AMSTERDAM — Iran has filed a lawsuit against the United States alleging that Washington’s decision in May to impose sanctions after pulling out of a nuclear deal violates a 1955 treaty between the two countries, the International Court of Justice said on Tuesday.
A State Department official said the application was without merit and the United States would fight it in the court.
“While we cannot comment on the specifics, Iran’s application is baseless and we intend to vigorously defend the United States before the ICJ,” a State Department official, who spoke on condition of anonymity, told Reuters.
The ICJ, which is based in The Hague and is also known as the World Court, is the United Nations tribunal for resolving international disputes. Iran’s filing asks the ICJ to order the United States to provisionally lift its sanctions ahead of more detailed arguments.
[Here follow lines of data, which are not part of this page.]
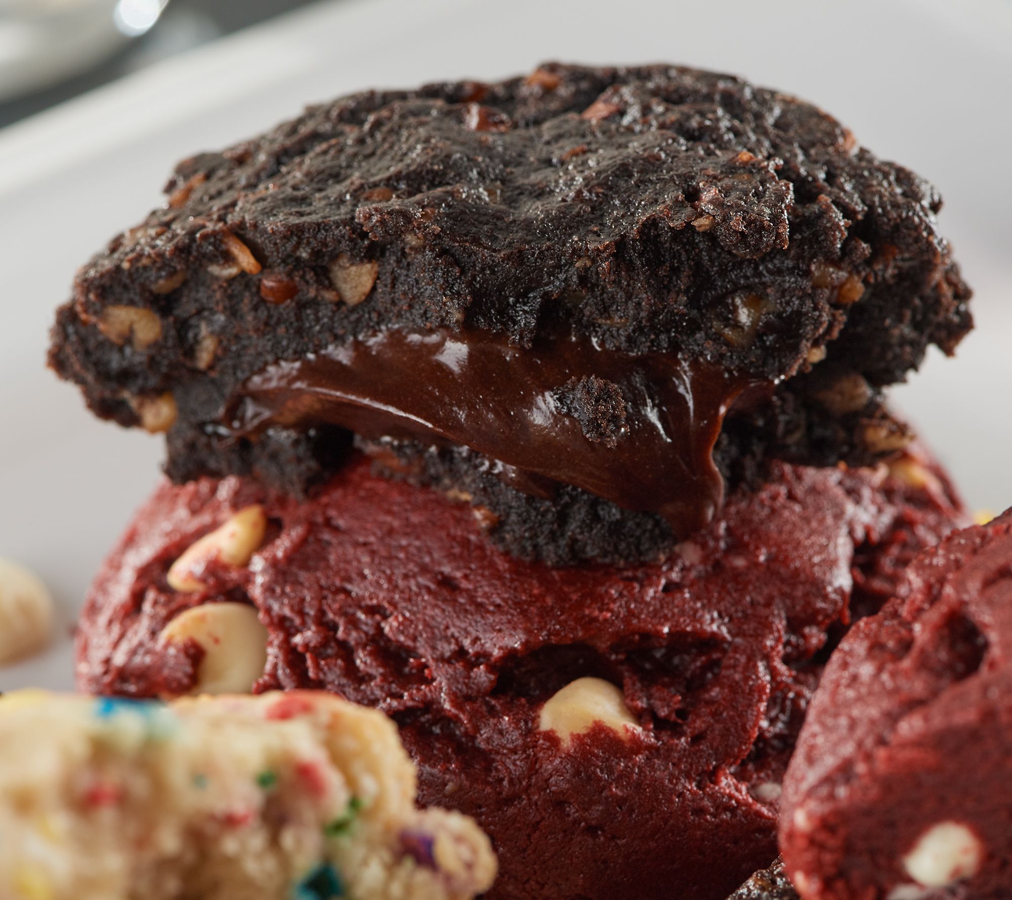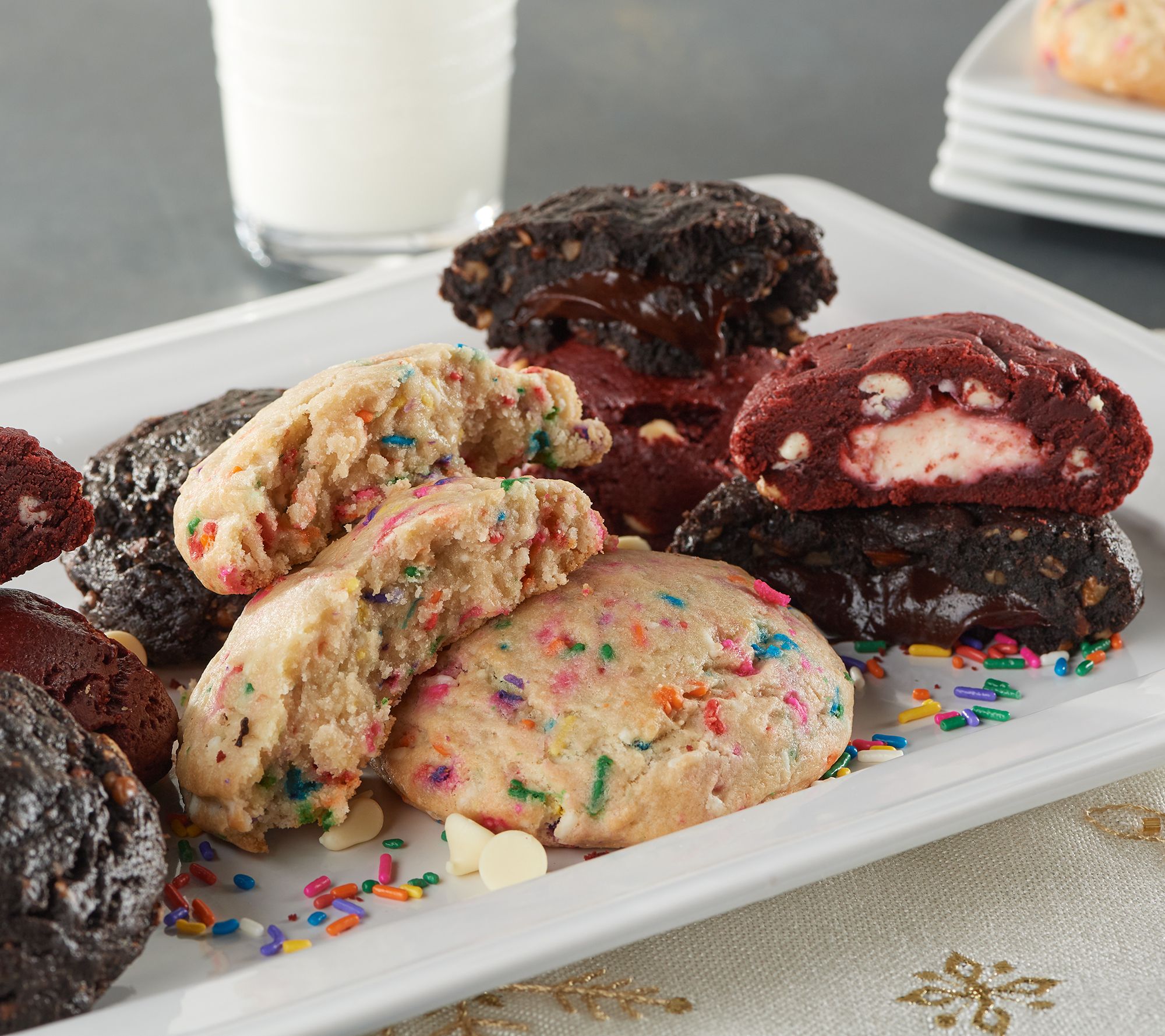 • Includes 12 5-oz jumbo stuffed cookies: four each of chocolate pecan fudge, red velvet cheesecake, and funfetti
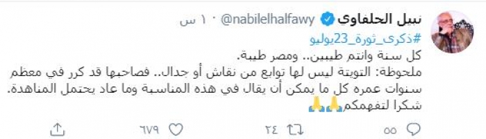 وكتب "الحلفاوي" عبر حسابه الرسمي بموقع تويتر: "ذكرى ثورة 23 يوليو، كل سنة وانتم طيبين ومصر طيبة، ملحوظة: التويتة ليس لها توابع من نقاش أو جدال، فصاحبها قد كرر في معظم سنوات عمره كل ما يمكن أن يقال في هذه المناسبة وما عاد يحتمل المناهدة، شكرا لتفهمكم".
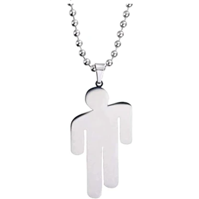 Material: High Quality Stainless Steel, Highly Polished, Safe and Secure. Size: chain (29.5cm), pendant (4.6 x 2cm). Modeling: naughty, creative, cool and personality, it looks really stylish and personalized. Jewelry necklace for fans, family, friends who love Bili and supporting Billie Eilish together. Quality guarantee: Fashionable necklaces made of selected durable materials are strong, durable and long-lasting, which can accompany you for a long time and always retain the unique sense of clothing.
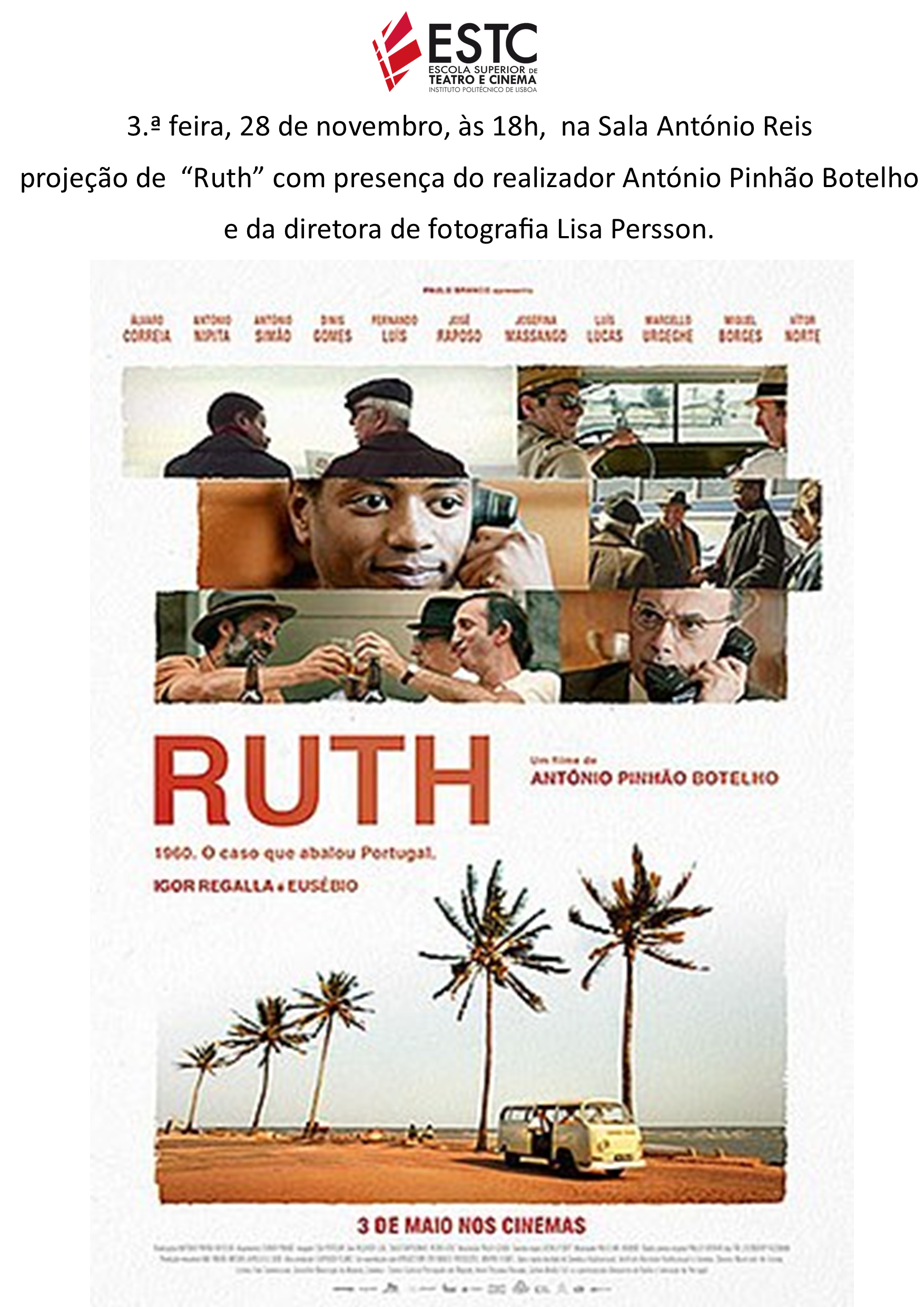 Longa metragem "RUTH" (2018) de António Botelho e com direção de fotografia de Lisa Person, produção Leopardo Filmes. Terá a presença do realizador e da diretora de fotografia, para conversa no final.
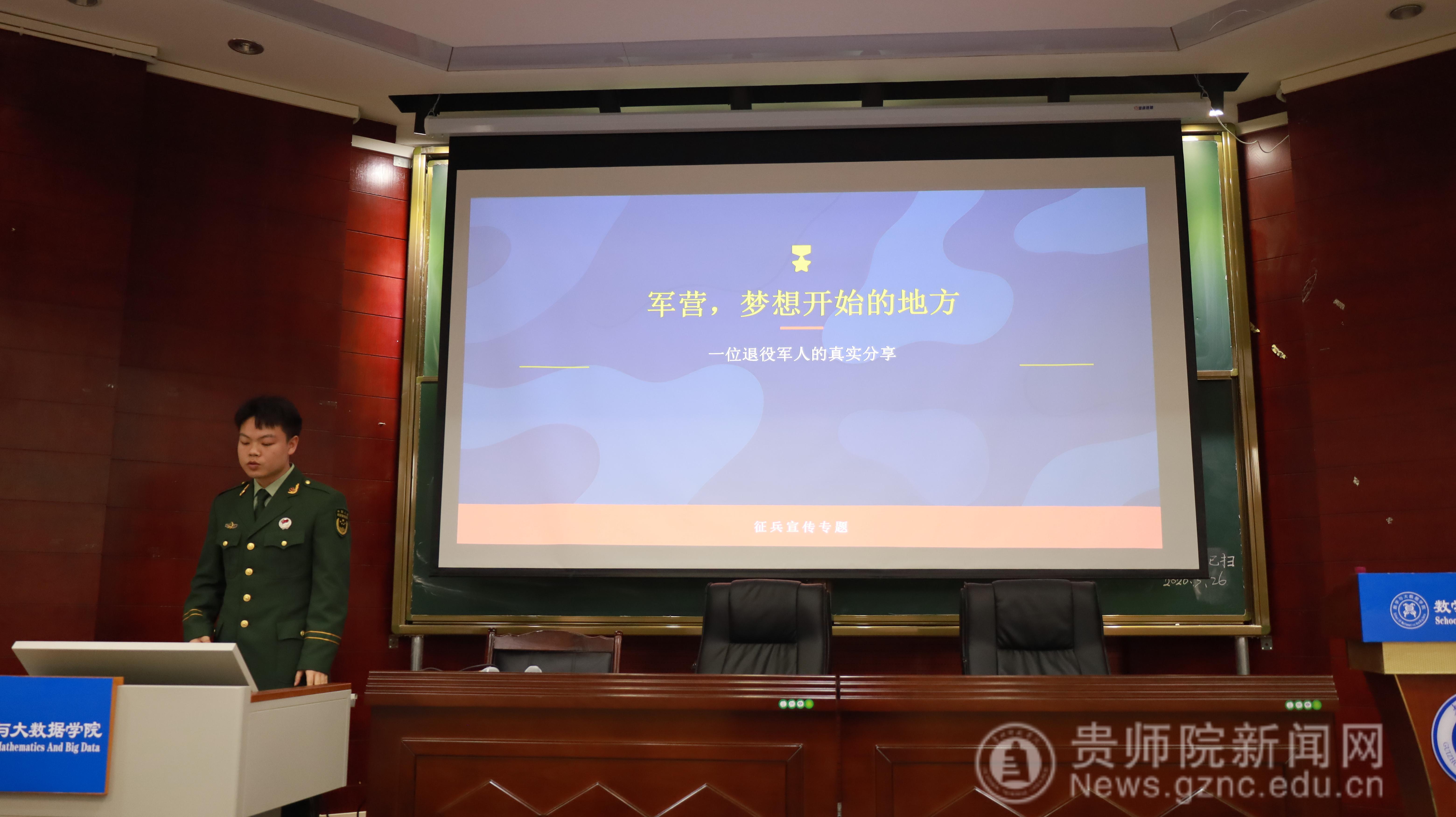 为深入贯彻落实国家征兵政策,激发青年学子参军报国的热情。3月27日,一场主题鲜明、内容丰富的征兵宣传讲座在宁静楼151顺利举行。本次宣讲会由令狐蓉老师主持,学院党委副书记于治麟出席,特邀两位退伍军人分享军旅生涯,2022级、2023级适龄男生参加。
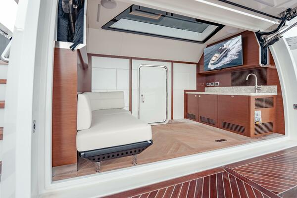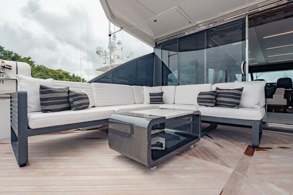 • 4-person Jacuzzi on bridge deck with sun-pads on port and starboard side.
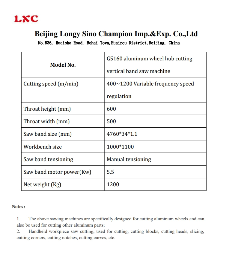 G5160 aluminum wheel hub cutting vertical band saw machine

“Iran is committed to the rule of law in the face of U.S. contempt for diplomacy and legal obligations,” Iranian Foreign Minister Mohammad Javad Zarif said in a tweet on Monday, referring to Tehran’s lawsuit at the ICJ.
Iran said in its filing that Trump’s move “has violated and continued to violate multiple provisions” of the Treaty of Amity, Economic Relations and Consular Rights, signed long before the 1979 Islamic Revolution that ousted the U.S.-allied shah and triggered decades of hostile relations with Washington.
The next step in Iran’s new lawsuit will be a hearing in which the United States is likely to contest whether it merits a provisional ruling. The court has not yet set a date, but hearings on requests for provisional rulings usually are heard within several weeks, with a decision coming within months.
Although the ICJ is the highest United Nations court and its decisions are binding, it has no power to enforce them, and countries – including the United States – have occasionally ignored them.
The specter of new U.S. sanctions, particularly those meant to block oil exports that are the lifeline of Iran’s economy, has caused a rapid fall in the Iranian currency and triggered street protests over fears economic hardships will soon worsen.
Iran has said both are non-negotiable, and the other signatories to the 2015 nuclear deal including major European allies Britain, France and Germany, as well as Russia and China, remain committed to it.